If necessity is the mother of invention, then pornography must be its father. In fact, the entire family's been spending a lot of time online recently. To see what's hot in Internet technology today, just click over to your nearest porn site for some illuminating lessons in how to get eyeballs, track visitors, and create sites so sticky users actually can't get out.
The Internet seems tailored to adult entertainment; like porn, it's a visual medium. And it's private. "You don't have to hide your car behind a sleazy building in a shady part of town anymore," says George Hunt, who owns the $300,000-a-year online adult-film distributor Thursday Night Video Communications.

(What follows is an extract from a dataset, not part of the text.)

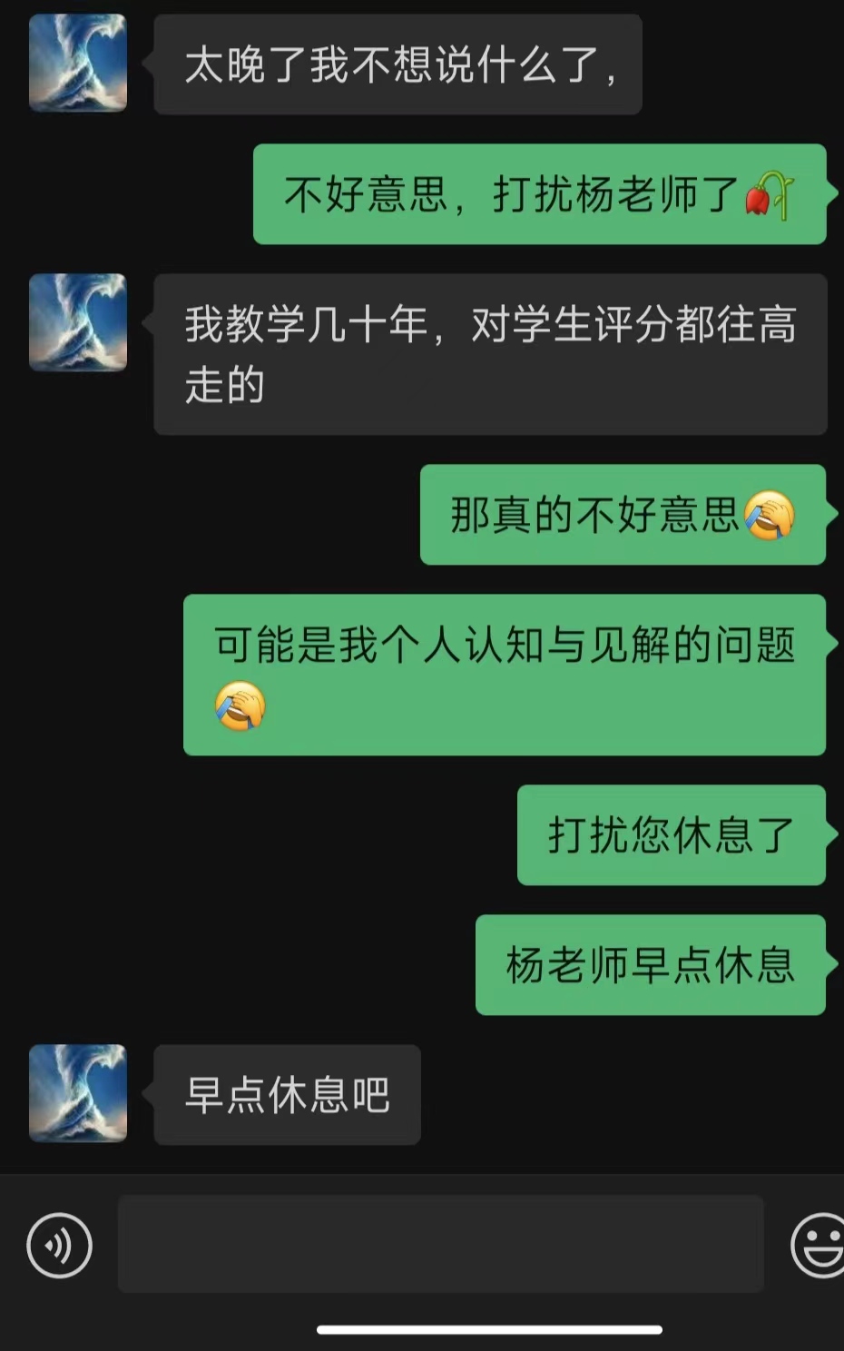 同学们的评分都是有理有据的,杨老师和别的老师评分差距那么大不是没有理由的。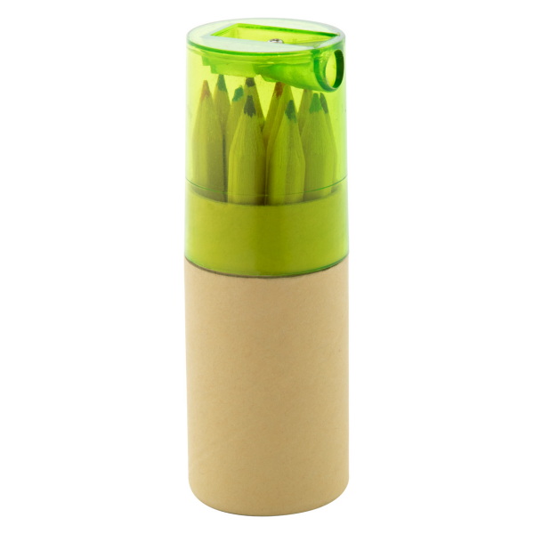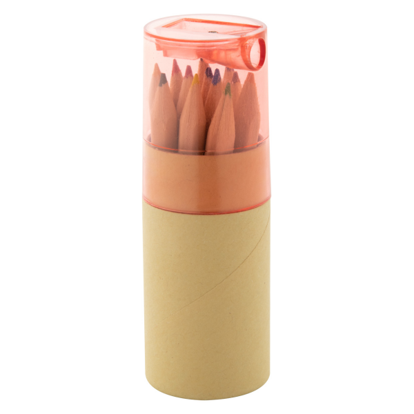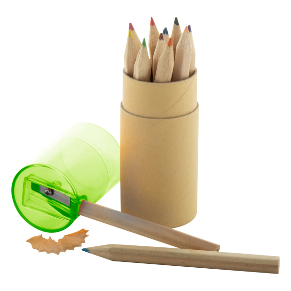 12-delige kleurpotloodset in ronde kartonnen koker met plastic puntenslijper.

It shouldn't surprise us that adult-entertainment retailers flocked to the Internet years before the stock market boom and the birth of Amazon.com. "As far as I can tell, as soon as humans discover something cool, they start putting it to use for the things they know they like," says Content Love Knowles, operator of Bondagemistress .com, an adult- entertainment reseller. "And humans like sex."
At the turn of the 20th century, the popularity of pornographic photography helped drive the camera's evolution. More recently, Sony made the now-legendary blunder of refusing to license its Betamax technology to adult-entertainment providers, a decision that allowed VHS to edge Betamax out of the market in the early '80s. "Technology is driven by adult entertainment . . . because sex then sells the technology," says Knowles.